> [Collected material]:
──────────

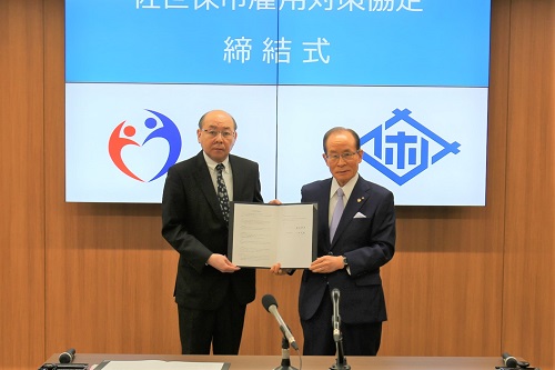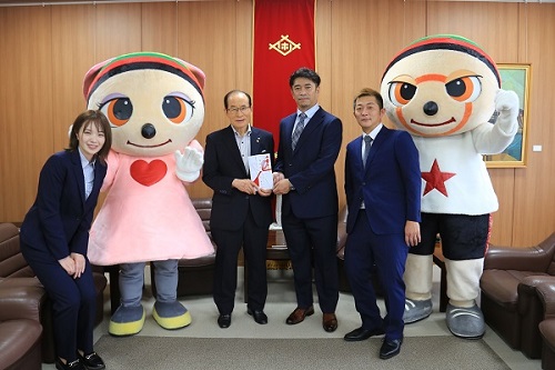 日本競輪選手会長崎支部寄付金贈呈のために市役所を訪れた日本競輪選手会長崎支部の皆さんと市長
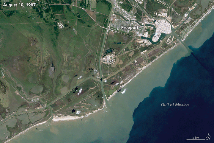 The image pairs on this page show two of the extreme cases. The beaches at Schiermonnikoog, The Netherlands (above), were among the fastest growing in the study, with growth of nearly 10 meters per year. The area just south of Freeport, Texas (below), is one of the largest erosive hotspots in the world, with beach being lost at a rate of nearly 15 meters per year along a 17-kilometer (11-mile) stretch. These natural-color images were acquired by the Thematic Mapper on Landsat 5 and the Operational Land Imager on Landsat 8.
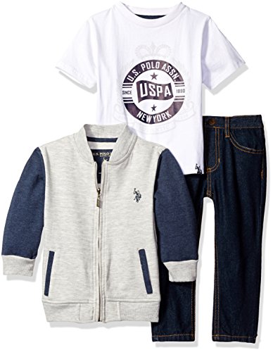 -. Binding : Apparel -. Brand : U.S. Polo Assn. -. Department : boys -. Feature : French terry varsity jacket has rib knit neckline, cuffs and hem. Two front pockets / 5 pocket blue denim jeans / Iconic logo jersey t-shirt comes in creeper for new born sizes / Iconic branding -. Label : US Polo Assn. Children's Apparel -. Manufacturer : US Polo Assn. Children's Apparel -. ProductGroup : Apparel -. ProductTypeName : PANTS -. Publisher : US Polo Assn. Children's Apparel -. Studio : US Polo Assn. Children's Apparel -. Title : U.S. Polo Assn. Toddler Boys' Varsity French Terry Jacket, T-Shirt and Denim Jean
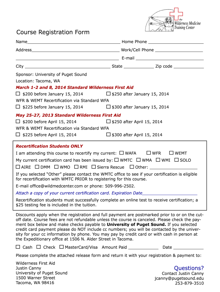 Wilderness Medicine Training Intercourse Registration FormWildMedCenter. Compare Home Phone Address Work/Cell Phone Email City State Zip code Sponsor: University of Puget Sound Location: Tacoma, WA

──────────

> [What the exercise asks]:
Here the job is to output the lines from the top of the listing through the line holding "The image pairs", word for word and without pictures.

> [Exercise answer]:
 日本競輪選手会長崎支部寄付金贈呈のために市役所を訪れた日本競輪選手会長崎支部の皆さんと市長
 The image pairs on this page show two of the extreme cases. The beaches at Schiermonnikoog, The Netherlands (above), were among the fastest growing in the study, with growth of nearly 10 meters per year. The area just south of Freeport, Texas (below), is one of the largest erosive hotspots in the world, with beach being lost at a rate of nearly 15 meters per year along a 17-kilometer (11-mile) stretch. These natural-color images were acquired by the Thematic Mapper on Landsat 5 and the Operational Land Imager on Landsat 8.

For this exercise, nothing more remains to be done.